When NEGs are deployed with load balancers provisioned by anything other than Ingress, they are considered standalone NEGs. Standalone NEGs are deployed and managed through the NEG controller, but the forwarding rules, health checks, and other load balancing objects are deployed manually.

Standalone NEGs don't conflict with Ingress enabled container-native load balancing.

The following illustration shows the differences in how the load balancing objects are deployed in each scenario:

With standalone NEGs and Ingress managed NEGs, the NEG controller on the
GKE control plane manages the NEG and Network endpoints objects. With standalone NEGs, every other component is
managed by the user as described in the previous paragraphs.

Preventing leaked NEGs

With standalone NEGs, you are responsible for managing the lifecycles of NEGs and the resources that make up the load balancer. You could leak NEGs in these ways:

When a GKE service is deleted, the associated NEG won't be garbage collected if the NEG is still referenced by a backend service. Dereference the NEG from the backend service to allow NEG deletion.
When a cluster is deleted, standalone NEGs won't be deleted in the following scenarios:
- The NEG is still referenced by a backend service.
- The cluster deletion process shuts down the NEG controller before the controller can delete the NEG.
To prevent leaked NEGs, dereference the NEG from the backend service and delete all NEGs before you delete the cluster.

If you have leaked NEGs after deleting the cluster or service, you can delete the NEGs by using the Google Cloud CLI.

Use cases of standalone NEGs

Standalone NEGs have several critical uses.

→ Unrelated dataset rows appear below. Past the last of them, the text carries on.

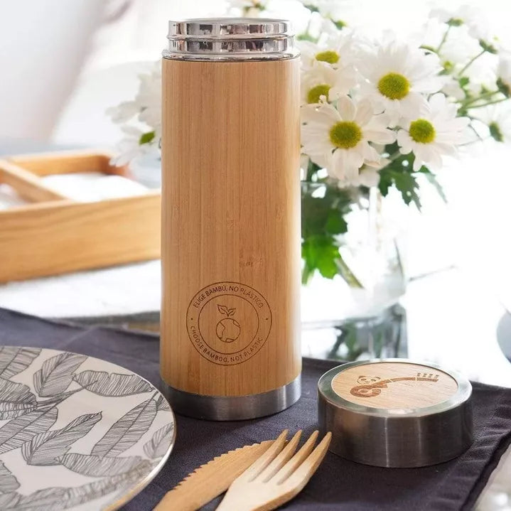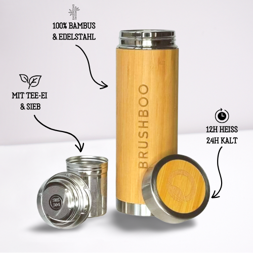 Die isolierte Reise-Thermoflasche hält deine Getränke bis zu 12 Stunden warm und 24 Stunden kalt. Sie ist robust, doppelwandig, aus nachhaltigem Bambus und Edelstahl – perfekt für unterwegs, auf Reisen, beim Wandern oder beim Städtetrip.
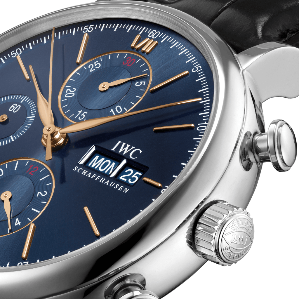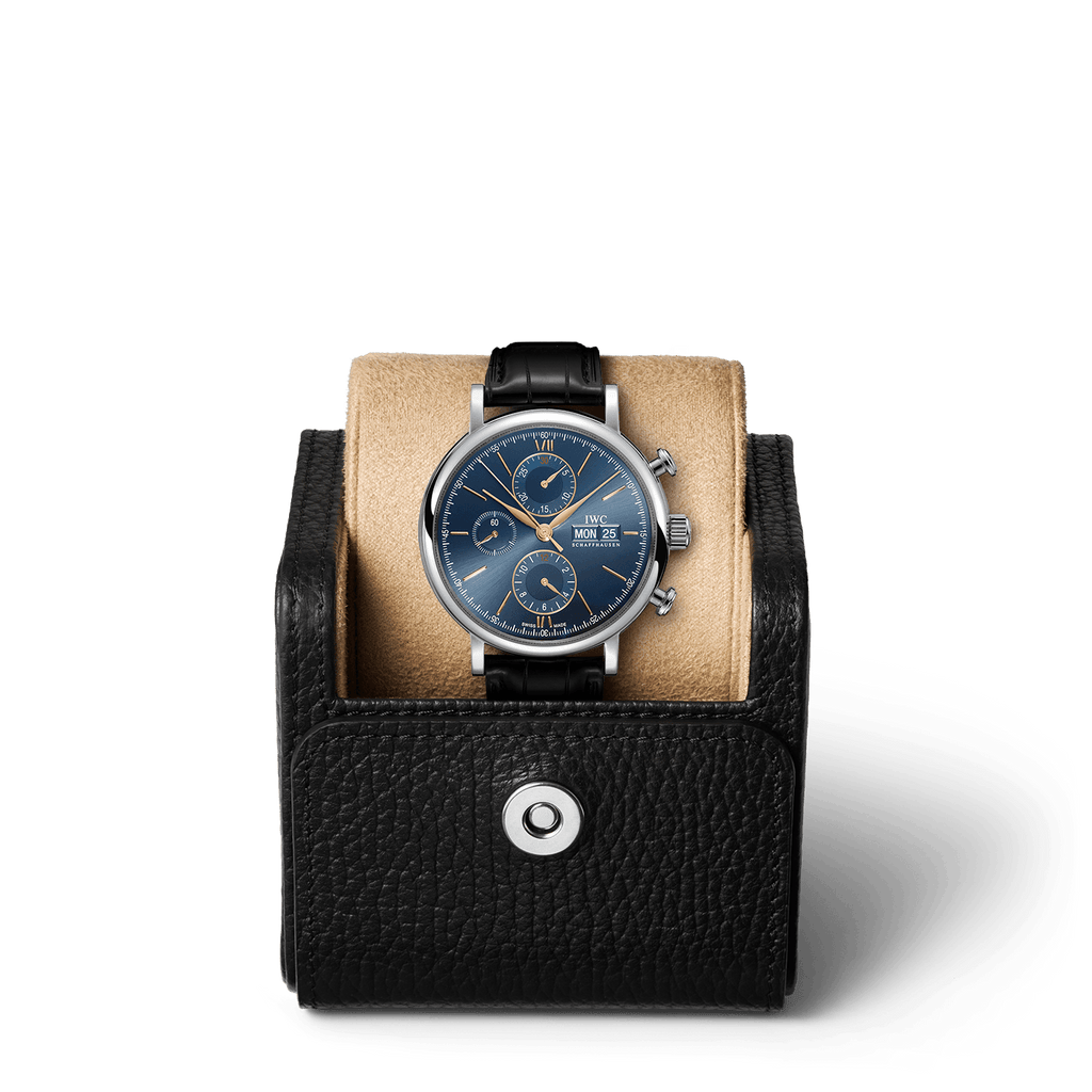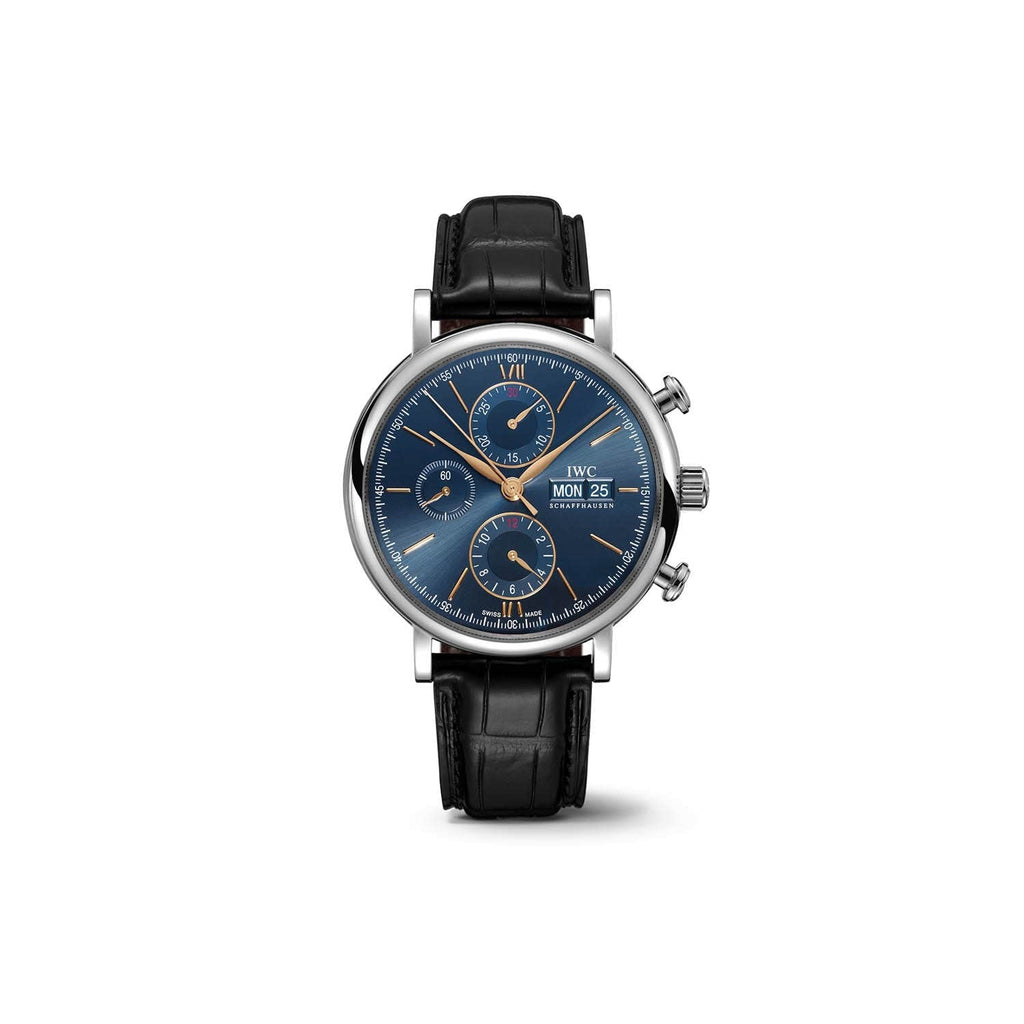 Description: 42mm- Stainless steel case, Automatic, self-winding, Diameter 42.0 mm, Black alligator leather strap, Strap width 20.0 mm. Made in Switzerland.
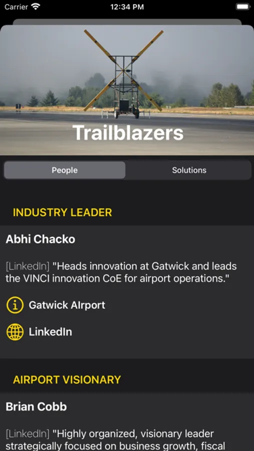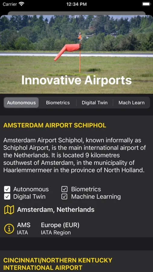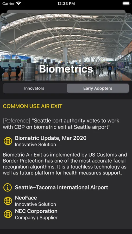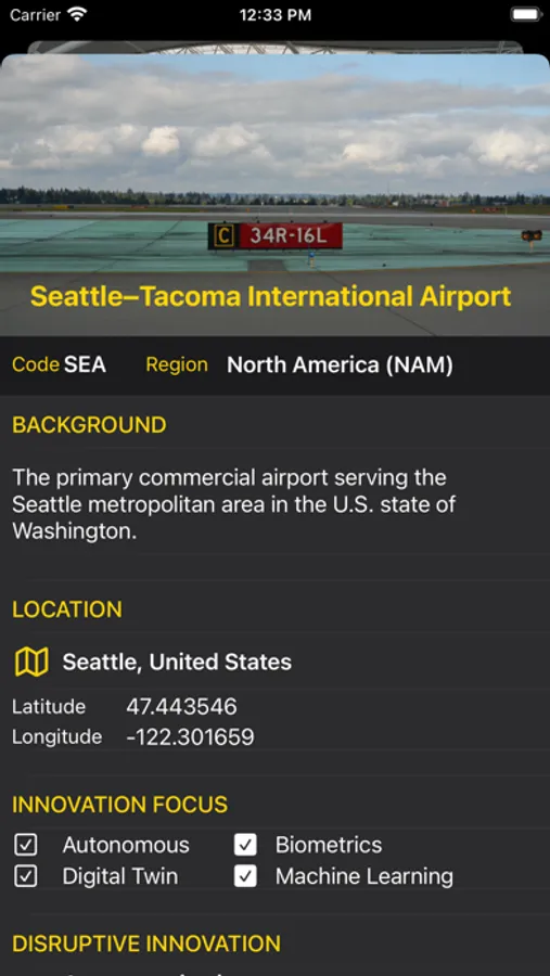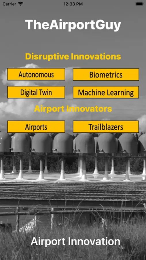 TheAirportGuy app is a resource for airport professionals and members of the aviation industry. Innovative airports and their leaders are identified based on testing or implementation of innovative projects in the following fields: autonomous vehicles, biometric facial recognition, digital twins and machine learning. The analysis ranks the innovations based on innovation dates using Everett Rogers adoption rates: innovators and early adopters. An interactive map illustrates regions of airport industry innovation.
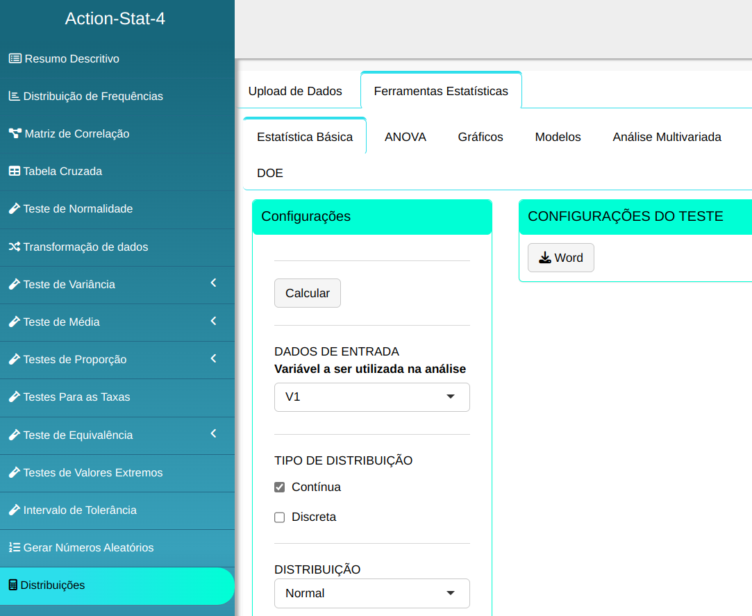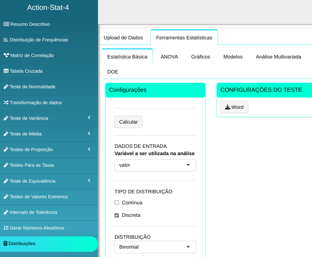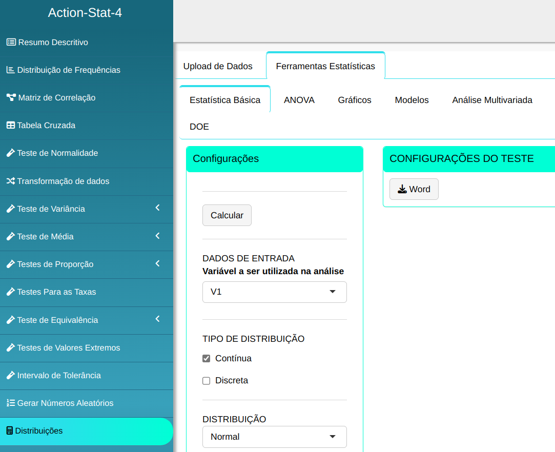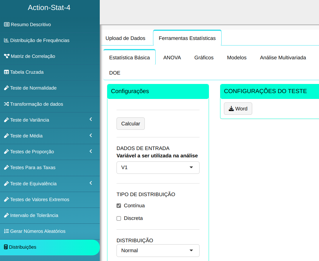 A ferramenta Distribuições do Action calcula a densidade, quantil e o percentil de diversas distribuições contínuas e discretas.
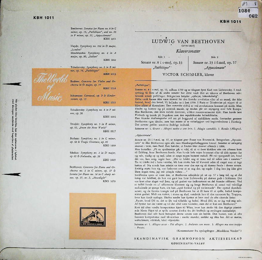 商品コード:1084-062[THE WORLD OF MUSIC SERIES] V.シェラー(pf)/ベートーヴェン:Pfソナタ8番「悲愴」, 23番「熱情」
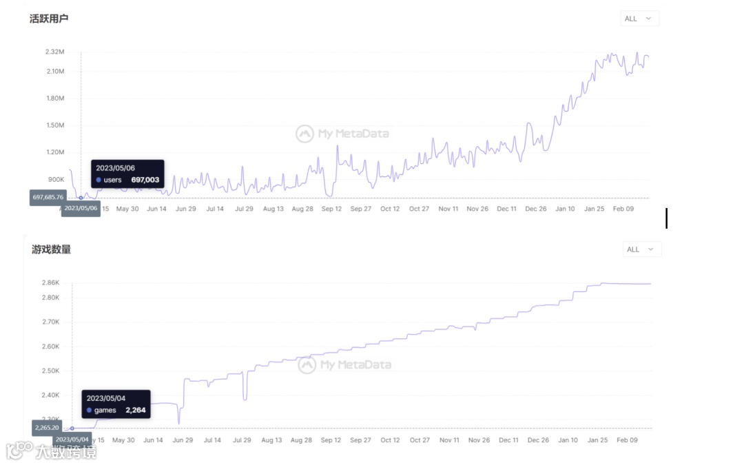 据链游平台My Meta Data数据显示,从2023年5月份以来,链游赛道的活跃用户量就一路上涨,约从70万涨至220万,涨幅高达214%。而游戏数量则从2300涨至2800,涨幅约为21.73。

Standalone NEGs are very flexible. This is in contrast to Ingress (used with or without NEGs) which defines a specific set of load balancing objects that were chosen in an opinionated way to make them straightforward to use.

Use cases for standalone NEGs include:

Heterogeneous services of containers and VMs

NEGs can contain both VM and container IP addresses. This means a single virtual IP address can point to a backend that consists of both Kubernetes and non-Kubernetes workloads. This can also be used to migrate existing workloads to a GKE cluster.

Standalone NEGs can point to VM IPs which makes it possible to manually configure load balancers to point at backends that are comprised of both VMs and containers for the same service VIP.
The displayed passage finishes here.